Fed Holds Rates Steady as Housing Activity Softens
Key Takeaways:
- The Federal Open Market Committee (FOMC) held the federal funds rate at its current target range of 5.25-5.5 percent at its September 19-20 meeting. In the new Summary of Economic Projections (SEP), the median FOMC participant continues to expect one more 25-basis point rate hike by the end of 2023 and the median projection for the federal funds rate at the end of 2024 and 2025 were each revised upward by 50 basis points compared to the June meeting, to 4.6 percent and 3.4 percent, respectively, indicating a higher-for-longer policy stance. The SEP also included modest downward revisions to the committee’s inflation expectations and unemployment rate forecast, while economic growth expectations were revised upward, consistent with an expectation for a soft landing.

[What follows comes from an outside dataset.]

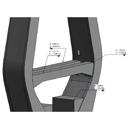 由BIM模型提取的工程任意定位点的精确坐标和高程,大大提高了定位放样以及复核测量的效率和准确性,减少测量的内业计算工作,施工测量所需内业人员减少30%-50%。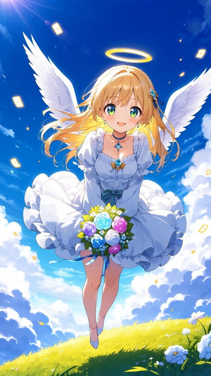 #5 <lora:1914845:1.2>, anime, illustration, big piercing eyes, 1girl, (archangel|fey), gracefully descending from the clouds with a bouquet of iridescent flowers, her (joyful|radiant) smile lighting up the scene, as all the creatures of the meadow look up in awe, celebrating her kindness and beauty, 😁.

- Existing home sales declined 0.7 percent to a seasonally adjusted annualized rate (SAAR) of 4.04 million in August, according to the National Association of REALTORS® (NAR). The number of homes available on the market declined 0.9 percent to 1.10 million, while the months’ supply held steady at 3.3. Compared to a year ago, the NAR’s median sales price of existing homes, which does not adjust for the mix of homes sold, rose 3.7 percent, its second consecutive positive reading on an annual basis, according to the NAR.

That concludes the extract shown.